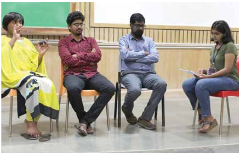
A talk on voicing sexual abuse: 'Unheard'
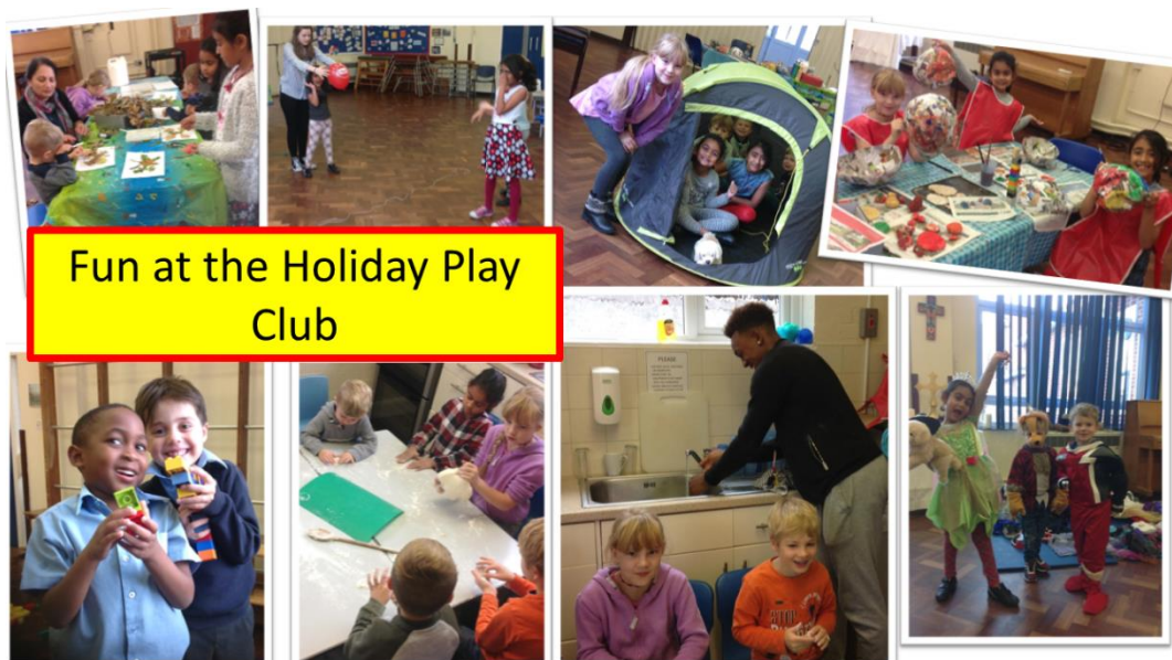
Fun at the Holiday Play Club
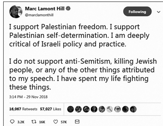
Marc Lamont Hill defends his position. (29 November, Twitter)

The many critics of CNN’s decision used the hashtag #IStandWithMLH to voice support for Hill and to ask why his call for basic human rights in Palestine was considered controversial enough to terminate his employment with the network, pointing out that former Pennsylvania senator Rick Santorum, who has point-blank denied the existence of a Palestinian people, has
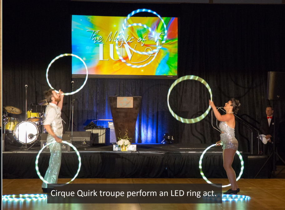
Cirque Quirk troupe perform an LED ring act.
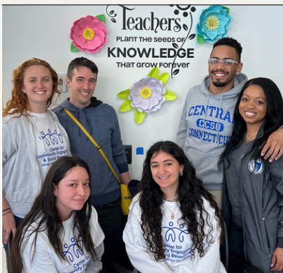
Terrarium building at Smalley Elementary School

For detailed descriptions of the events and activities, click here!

════════

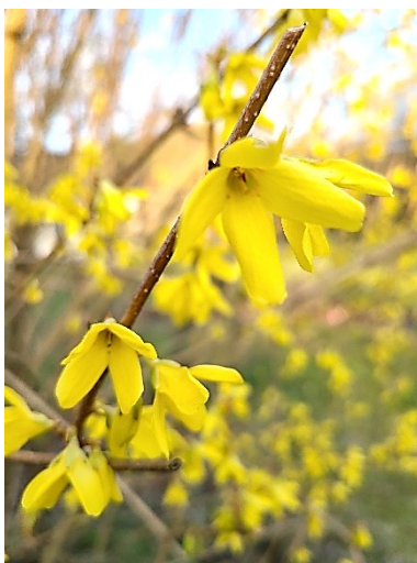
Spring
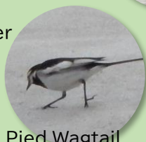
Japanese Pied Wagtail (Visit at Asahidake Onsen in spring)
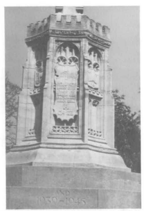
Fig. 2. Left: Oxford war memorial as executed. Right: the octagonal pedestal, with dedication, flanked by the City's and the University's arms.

════════

» **What is being asked**: Throughout the records above, find the lines in which the word "with" appears and return them.

» **Solution for this task**:
The many critics of CNN’s decision used the hashtag #IStandWithMLH to voice support for Hill and to ask why his call for basic human rights in Palestine was considered controversial enough to terminate his employment with the network, pointing out that former Pennsylvania senator Rick Santorum, who has point-blank denied the existence of a Palestinian people, has
Fig. 2. Left: Oxford war memorial as executed. Right: the octagonal pedestal, with dedication, flanked by the City's and the University's arms.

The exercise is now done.